Tech Forum: Alternators

Tech Forum: Alternators

QUESTION: Why do alternators have such a high return rate?

ANSWER: Alternators have such a high return rate because they are often misdiagnosed as the cause of a charging problem or low battery.

The alternator is the heart of the charging system. It generates the amps needed to keep the battery fully charged and to supply the demands of the ignition system, electrical system and onboard electronics. The alternator is so named because it converts alternating current (AC) into direct current (DC).

An alternator produces current by rotating a magnetic field inside a stationary conductor. The rotor inside the alternator produces the magnetic field. As the magnetic poles of the rotor pass beneath the three stationary stator windings in the alternator housing, a three-phased alternating current (AC) is induced in the stator windings. The AC current is then “rectified” (converted) to direct current (DC) by a diode trio (three sets of paired diodes) on the back of the alternator.

The alternator’s output is controlled by switching its field current on and off. A “voltage regulator,” located inside the alternator, on the back of the alternator or mounted elsewhere in the engine compartment, switches the field current on and off to control current output. The higher the load on the electrical system, the higher the current output of the alternator, if everything is working right.
On many newer vehicles, the powertrain control module (PCM) controls the duty cycle of the alternator to regulate voltage output. There is no voltage regulator on the alternator.

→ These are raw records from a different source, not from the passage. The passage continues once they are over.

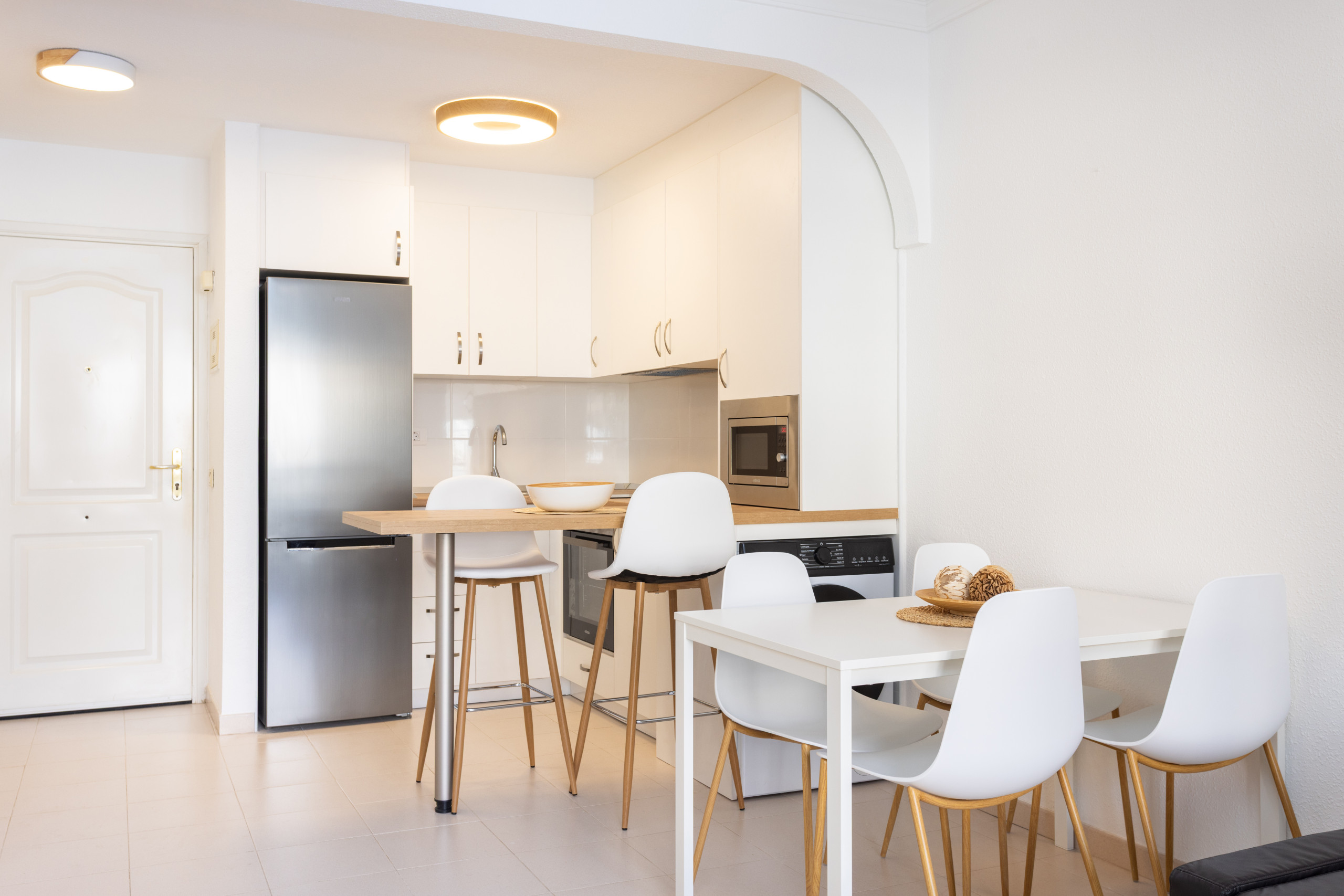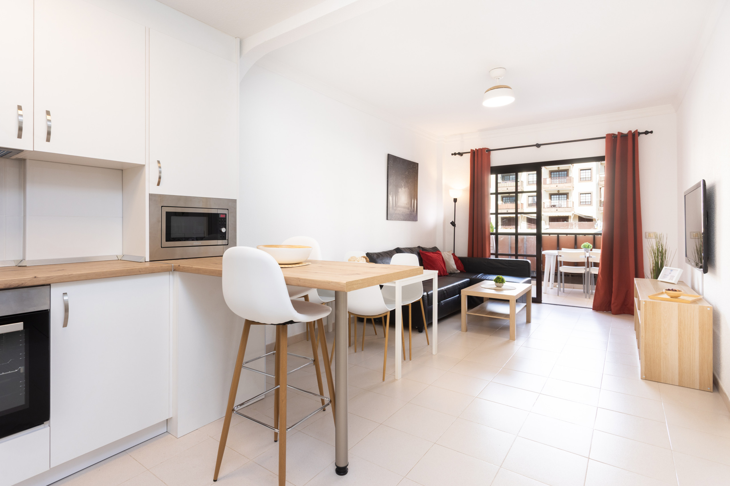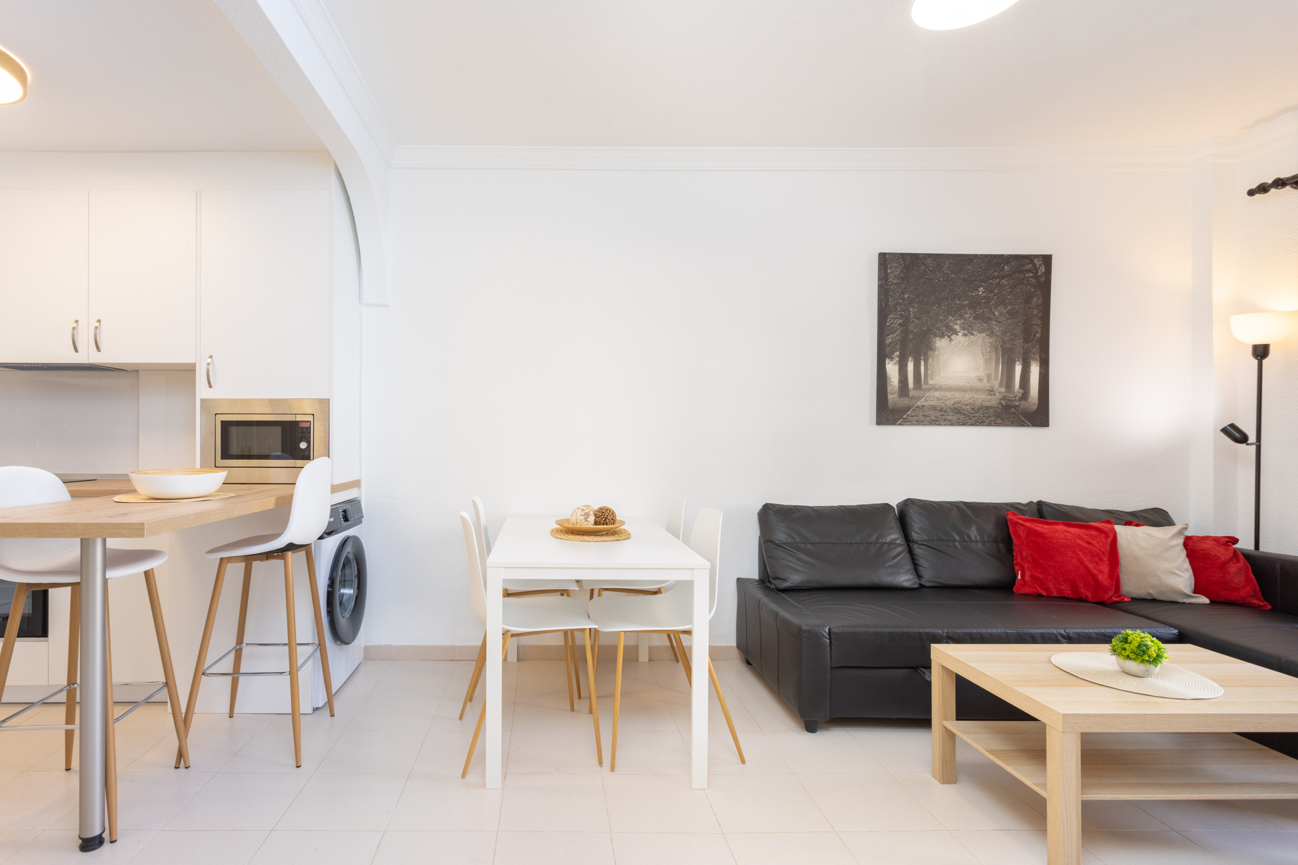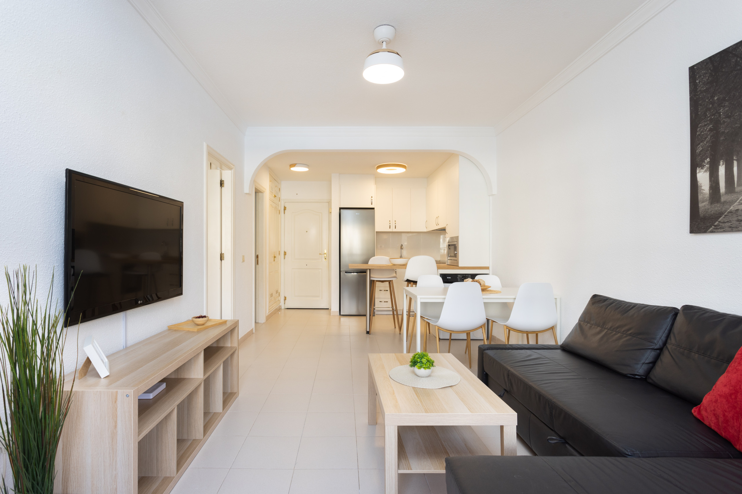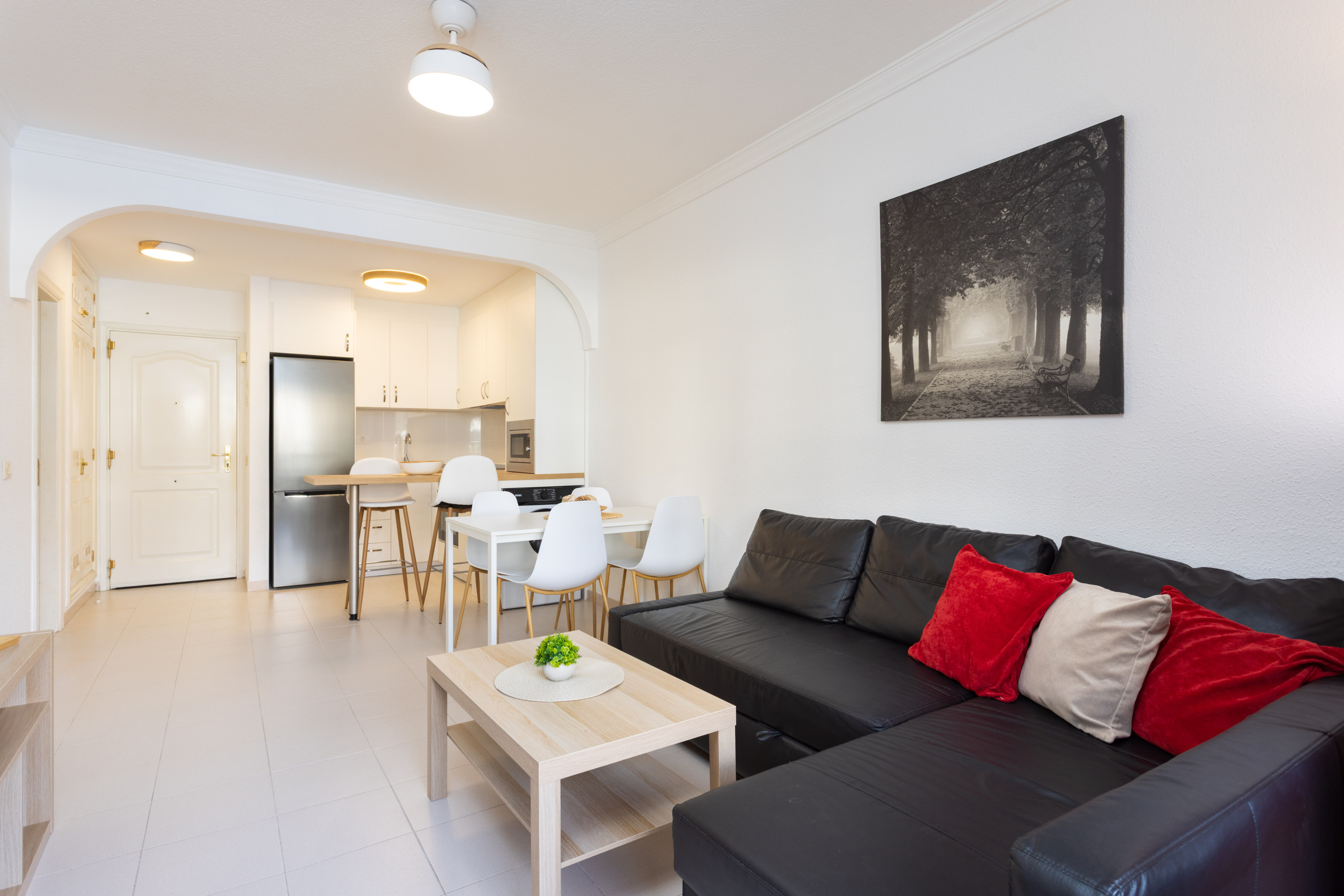 Lumineux appartement d'une chambre sur la première ligne à côté du front de mer. Terrasse avec vue sur la magnifique piscine, avec de grands espaces et des jardins bien entretenus. Le bâtiment a un accès direct à la promenade. Chambre avec lit double, grand salon avec TV plasma, kitchenette, 1 salle de bain et canapé-lit dans le salon. Accès au WIFI gratuit dans l'appartement. Possibilité d'ajouter un lit et une chaise haute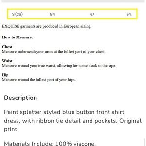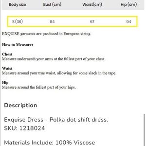 I just purchased this Exquise blue polka dot dress that was final sale but sadly it did not fit so am selling. Original price is $250, it’s a size 6 but runs small - it’s more like a size 2 but check the measurements to ensure it fits you before purchasing! It’s absolutely gorgeous on, fits your curves in all the right places, and is silky smooth fabric - it hangs beautifully on the body. Huge $100 discount to $150, European designer so can’t get it in the states- it’s one of a kind here!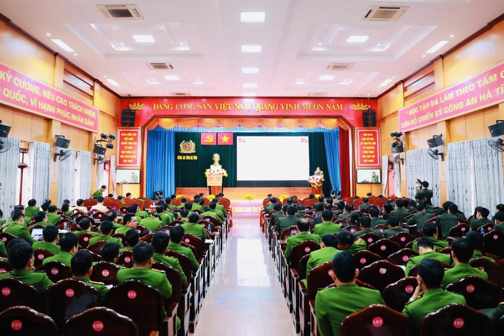 Tham dự hội nghị có các đồng chí trong Ban Giám đốc Công an tỉnh, đại diện lãnh đạo các phòng chức năng, Công an các xã, phường, đồn Công an KKT Vũng Áng. Đồng chí Thiếu tướng Nguyễn Xuân Thao - Ủy viên Ban Thường vụ Tỉnh ủy, Bí thư Đảng ủy, Giám đốc Công an tỉnh chủ trì Hội nghị.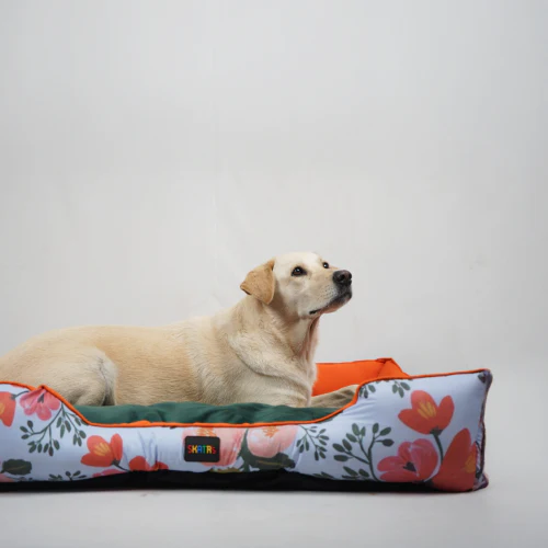 Skatrs Flower Meadow Bed for Dogs & Cats (Orange/Green)

When a vehicle has a charging problem, the fault might be in the alternator, the voltage regulator (if it has one), the PCM or something else such as a wiring problem, loose or corroded battery cables or even a bad battery.

The days of DIY alternator rebuilding are history, so if anything inside the alternator has gone bad (stator or rotor windings, brushes, diodes or internal regulator), the whole unit has to be replaced with a new or remanufactured alternator.

If the fault is not diagnosed correctly, and the real problem is not the alternator, then obviously replacing the alternator won’t help. The problem will still be there, and the alternator will likely comeback as being “faulty.”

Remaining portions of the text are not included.